The Solitary Cyclist

On the bike at the gym, aggrieved, I formulate my thoughts. It’s 6.30pm on a Monday evening and really I oughtn’t to be at the gym, overtired and in pain and in a bad mood. On any other Monday I would be on the bus home from the office. But I’m not.
Up at 8am, not feeling too ghastly, at the office a bit late but nothing drastic. Settle into my work. My whole right side is throbbing with pain and I’ve taken my codeine but somehow the pain is worse and the swelling around the implant seems more pronounced. Staring at the work I’m meant to be doing, I round up my thoughts. It’s OK, I tell myself. I’ve been doing this job for ten years now: I’ve got through a day of work when I’m depressed, psychotic, when I haven’t slept, when, basically, I’ve been in a far worse state than I am now.
As the minutes tick by I realise that it’s no good. Basic things become impossible. The seconds stretch into minutes and the minutes become lengths of time that I can’t handle, can’t process. And over everything there’s a fuzzy blanket of incompetence. And I take more painkillers but the pain snowballs until I’m staring at a blank screen whilst needles of pain stab down my right side and then I’m crying and I’ve had enough and I tell my boss that I have to go and she’s lovely about it but I just feel awful for worrying her and inconveniencing everyone and it’s raining now, of course, and my umbrella’s at home.
My boss drives me to the bus stop and for once there’s a bus almost immediately. Collapsing into a seat, I take my phone out.
Logging into my Tinder, there are some new matches and even new messages. There are a couple of messages from a 30 year old American banker who likes running and sounds very sweet. The one from yesterday – who asked for a surprise and I sent him an octopus – messages back to say “I warn you I put octopus in a salad”.
Me: “I didn’t realise he’d be in fear of his life. Here’s a dragon. You can’t put him in a salad.
That one turns out to be a banker too.
Possibly the most interesting new chap is a 31 year old Austrian who says he’s an architect.

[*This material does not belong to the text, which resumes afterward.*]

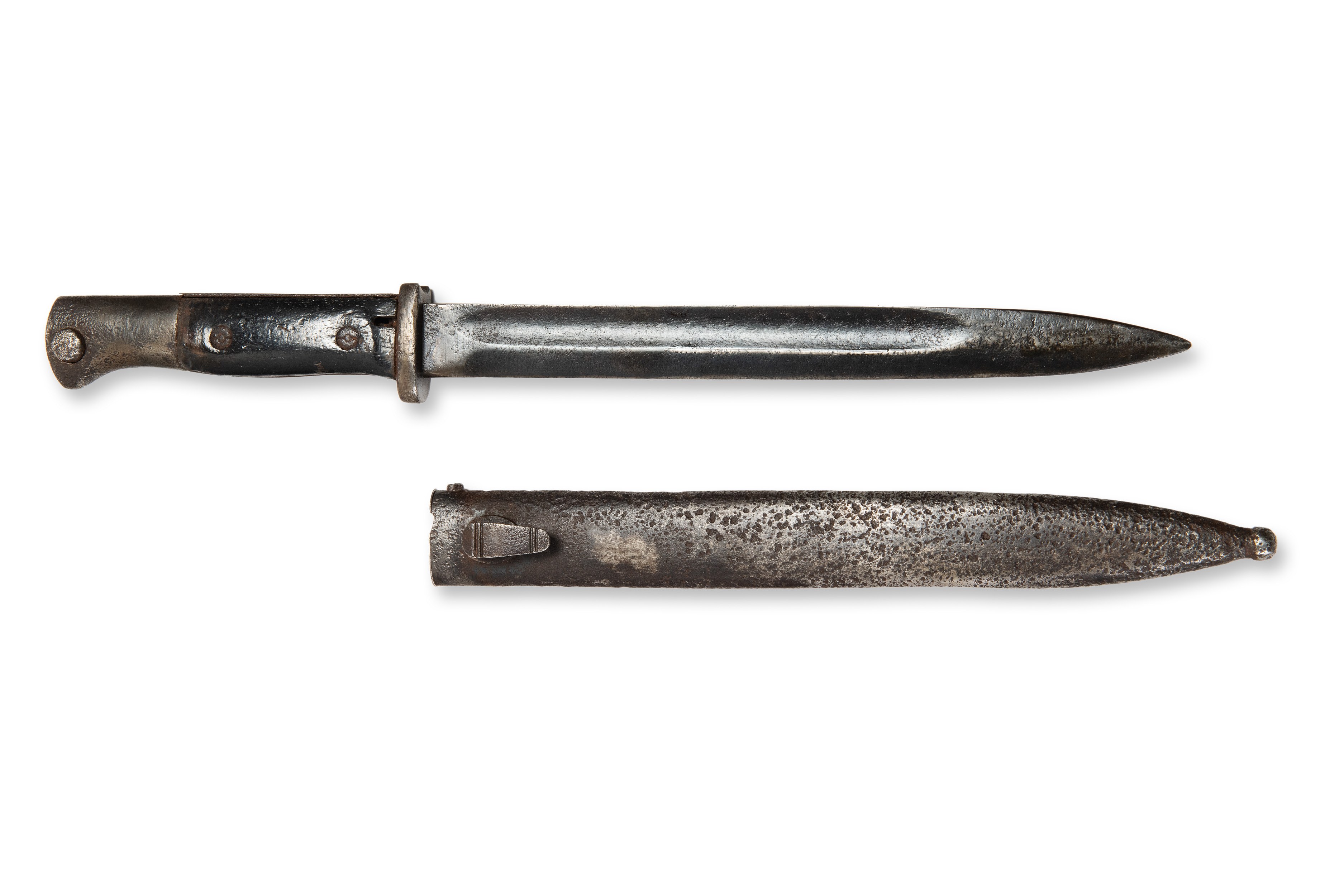 Model 84/98 bayonet, made in Germany in 1937. Originally intended for Mauser 98 rifles, this bayonet is marked "GOTTLIEB Hammesfahr SOLINGEN FOCHE" on the blade, "W 17" on the back of the blade, and "COPPEL GMBH 1937" on the scabbard. The bayonet was made in Solingen, known for its tradition of producing quality weapons and tools. The blade of this bayonet comes from an older WWI bayonet, making it an interesting historical artifact. The scabbard shows heavy signs of corrosion, indicating that the bayonet has been exposed to prolonged use. The blade was later blackened, which is not the original treatment. This bayonet is a valuable collector's item from the Second World War period.***IMPORTANT NOTICE***

Anyway – it’s nice to have some new pots on the boil. I’ve got tomorrow to recover and then there’s Lemur Boy on Wednesday.

Sitting on the bike, peddling slowly, I start to feel better. Even though I’m hardly doing anything at the gym, just being here calms me. As I turn the pedals round on the bike, I don’t feel too bad. I’m not on my own and yet, of course, I don’t have to talk to anyone. And I’ve achieved a few stomach exercises and some kettle-bells and a couple of weights machines. Nothing involving my damaged right side of course.
Seven o’clock approaches when my beloved Suzie will pick me up. Things aren’t so terrible, I think, as I pick up my water bottle and make my way to the changing room.